Our citizenship is in heaven, and from it we await a Savior, the Lord Jesus Christ, who will transform our lowly body to be like his glorious body, by the power that enables him even to subject all things to himself. (Philippians 3:20-21)

We are waiting for new heavens and a new earth in which righteousness dwells (2 Peter 3:13)

Perhaps the most poignant passage of all is in Romans 8, where Paul talks about how the creation itself longs for its freedom from corruption and decay and how we, who have the firstfruits of the Spirit, groan inwardly as we wait for the redemption of our bodies. (See Romans 8:19-25.)

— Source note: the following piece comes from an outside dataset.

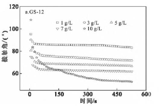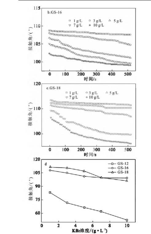 在KBr濃度區(qū)間1~10 g/L內(nèi),GS-12隨著KBr濃度的增加,接觸角顯著減小,而GS-16和GS-18則變化不明顯。可以解釋為:對(duì)于GS-12而言,KBr濃度越高,固/液界面處的填料越緊密,導(dǎo)致氣/液固界面張力值降低,而疏水鏈較長(zhǎng)的GS-16和GS-18其自身降低界面張力的能力有限,所以,隨KBr濃度增加,接觸角變化有限[1,19]。此外,隨著KBr濃度的增加,液滴在石蠟?zāi)ど系慕佑|角值減小。

Longing. Groaning. Waiting. This is quintessential New Testament faith. This, in fact, is the gospel story writ large on the canvas of the history of the world.  

Think of it like this. The gospel tells us that Jesus himself faced suffering and death on the cross and then waited until that first Easter morning to be raised from the dead in his glorified humanity. And he is called the firstfruits of the resurrection. The firstborn from the dead. He’s the first, not the last. The final resurrection hasn’t happened yet. New creation has begun, but it is not yet complete. We’re still waiting for it.

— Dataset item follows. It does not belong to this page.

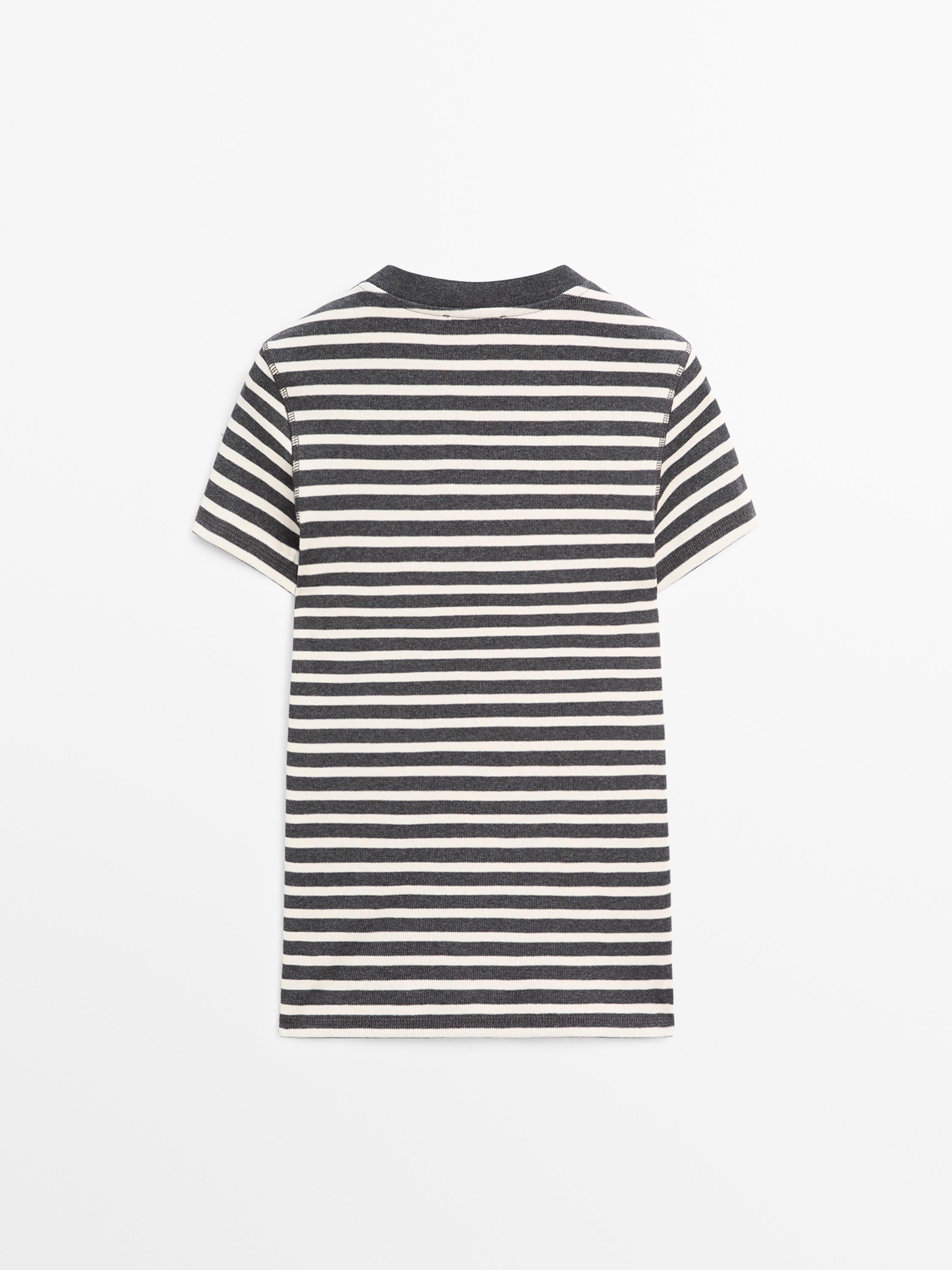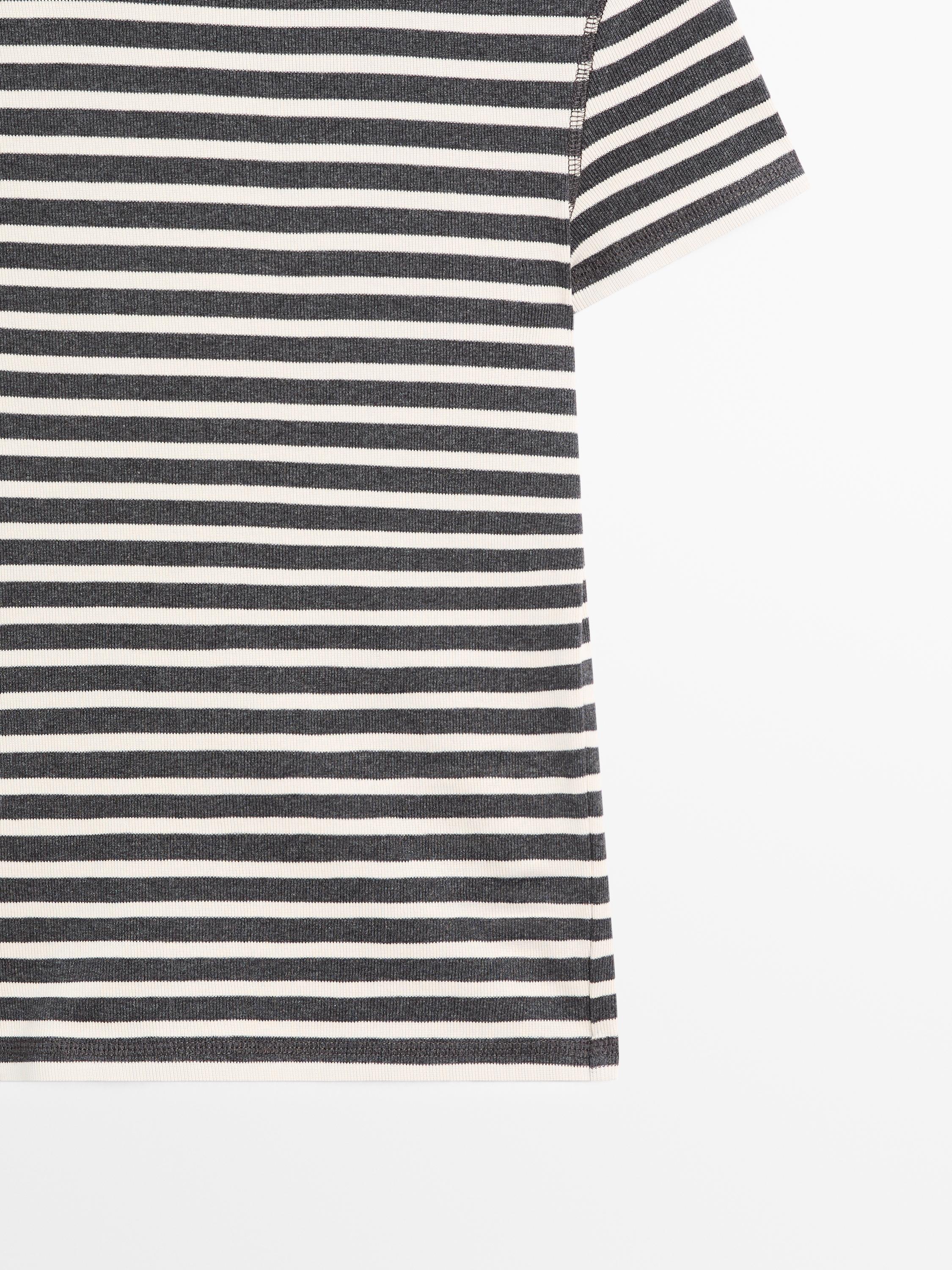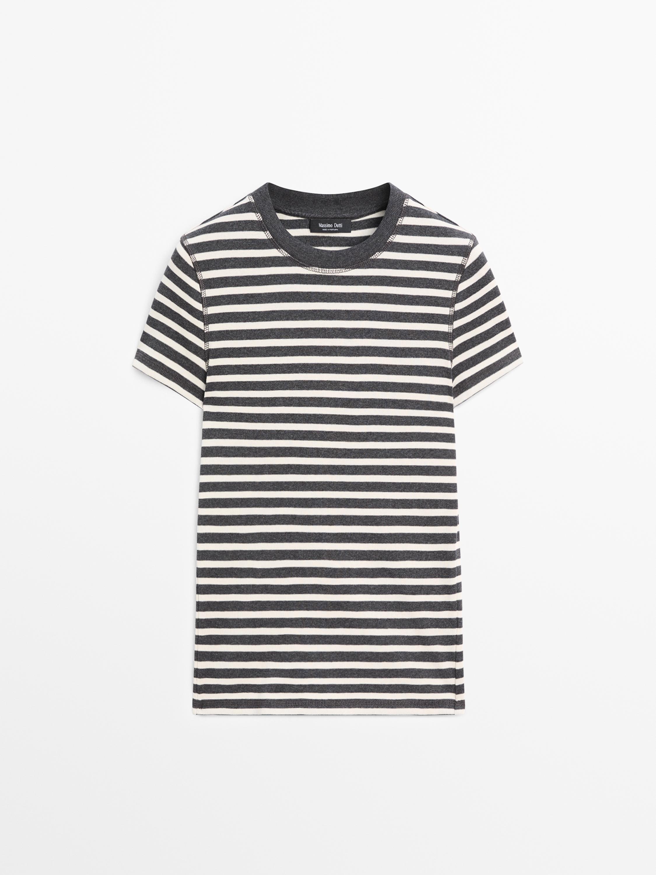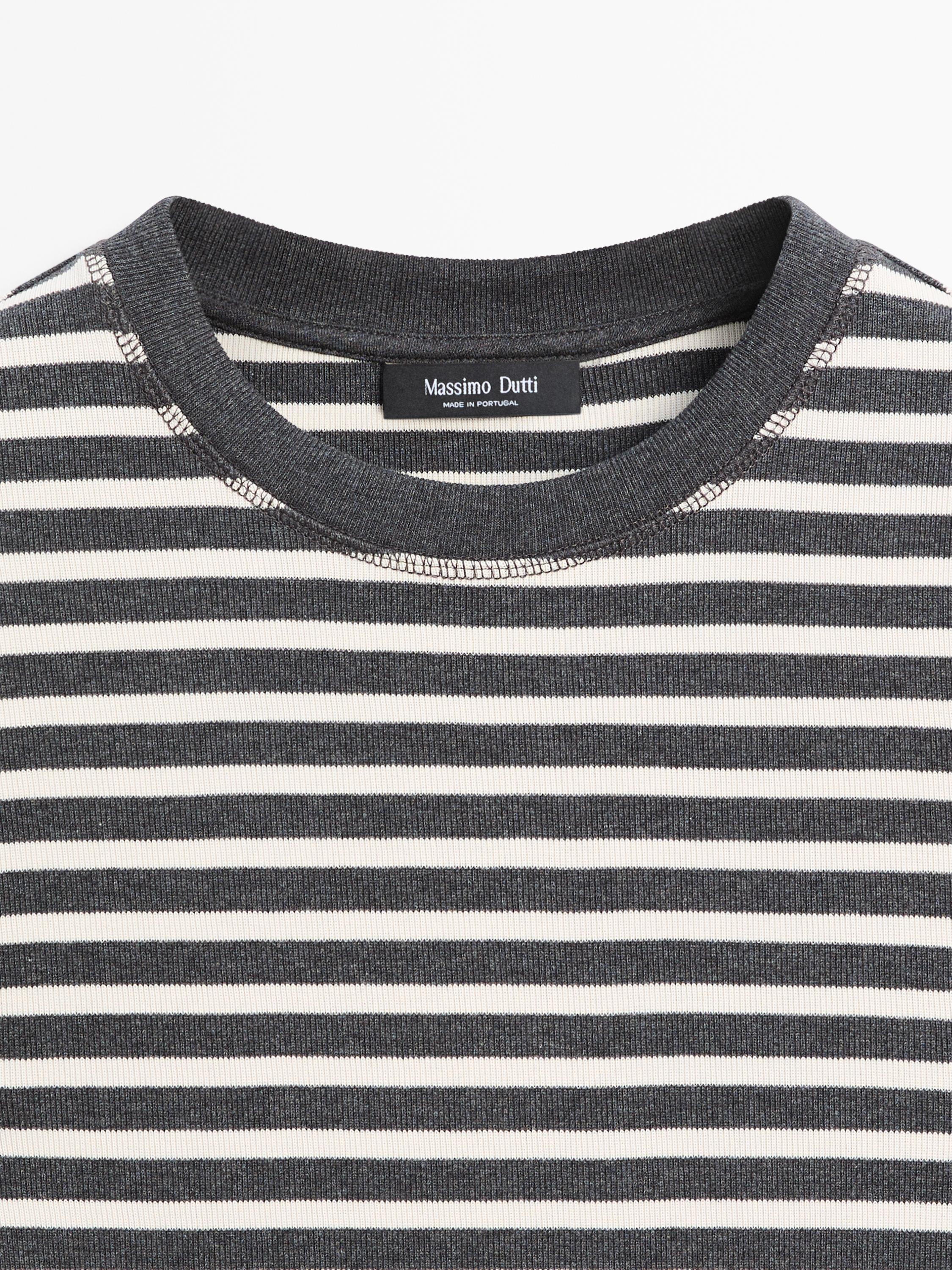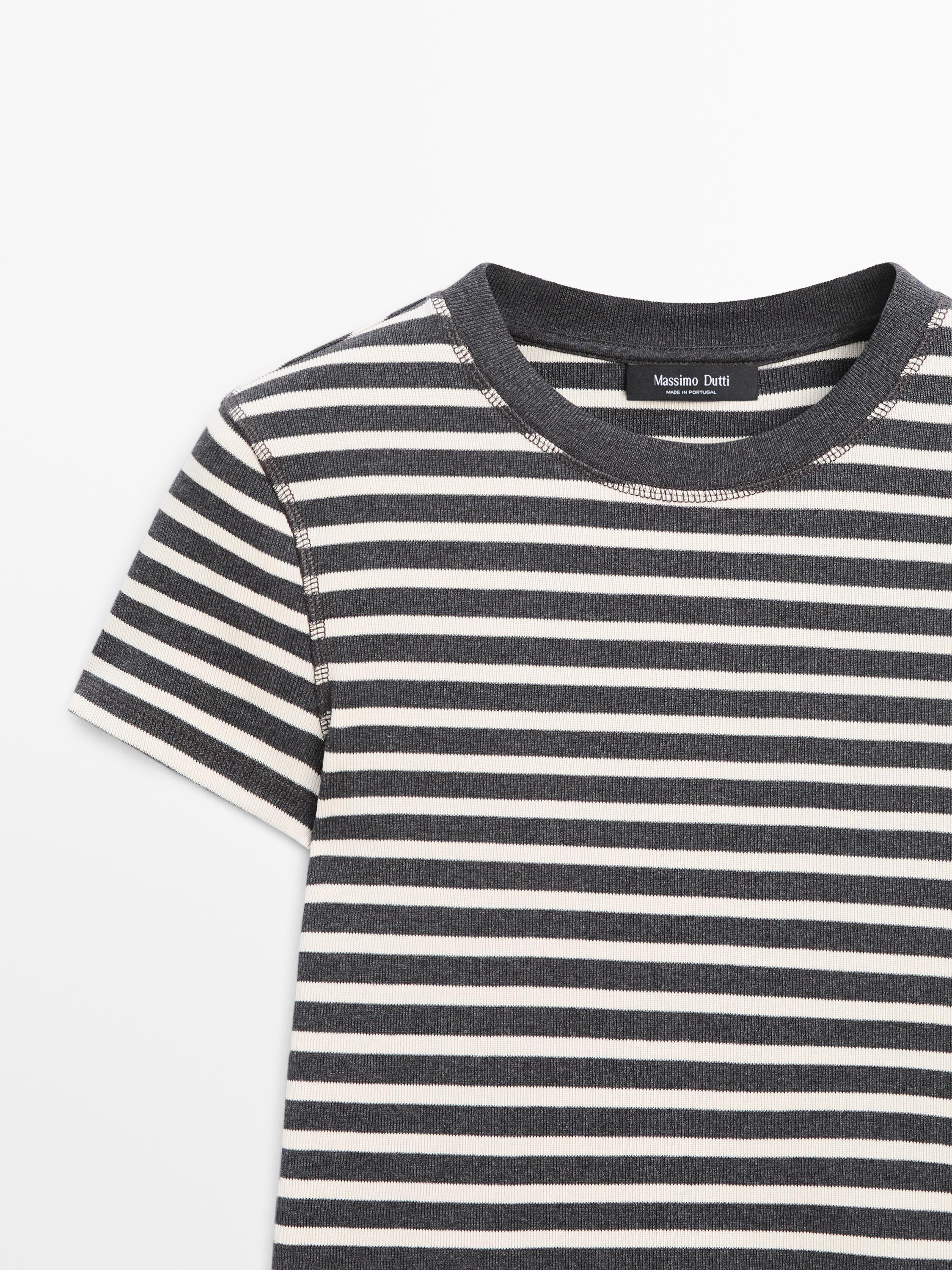 Massimo Dutti Хлопковая футболка в полоску, серый

In a way, the whole created world still lives in the shadow of Good Friday and Holy Saturday, as we wait for the final resurrection morning. But unlike the disciples who didn’t know he would rise, we actually know the end of the story! The day is coming when Christ will fully establish His kingdom and make all things new.

Waiting in Hope

And so, we wait; but not as those who have no hope. For even in the midst of the drudgery, death, and decay of our fallen world, we know the story’s grand finale. And like King Théoden in Tolkien’s Lord of the Rings, who “rode through the Shadow to the fire, and died in splendor…”

“Out of doubt, out of dark, to the day’s rising

he rode singing in the sun, sword unsheathing.

Hope he rekindled, and in hope ended;

over death, over dread, over doom lifted

out of loss, out of life, unto long glory.”[1]

…so can it be said of all who suffer and even die as they long, groan, and wait for the Lord.

Brian G. Hedges is the lead pastor for Fulkerson Park Baptist Church and the author of Christ Formed in You: The Power of the Gospel for Personal Change and Licensed to Kill: A Field Manual for Mortifying Sin. Brian and his wife Holly have four children and live in South Bend, Indiana. 



[1] J. R. R. Tolkien, The Lord of the Rings (London, HarperCollins Publishers, 1995) p. 954. This quote is from Book Six, Chapter VI.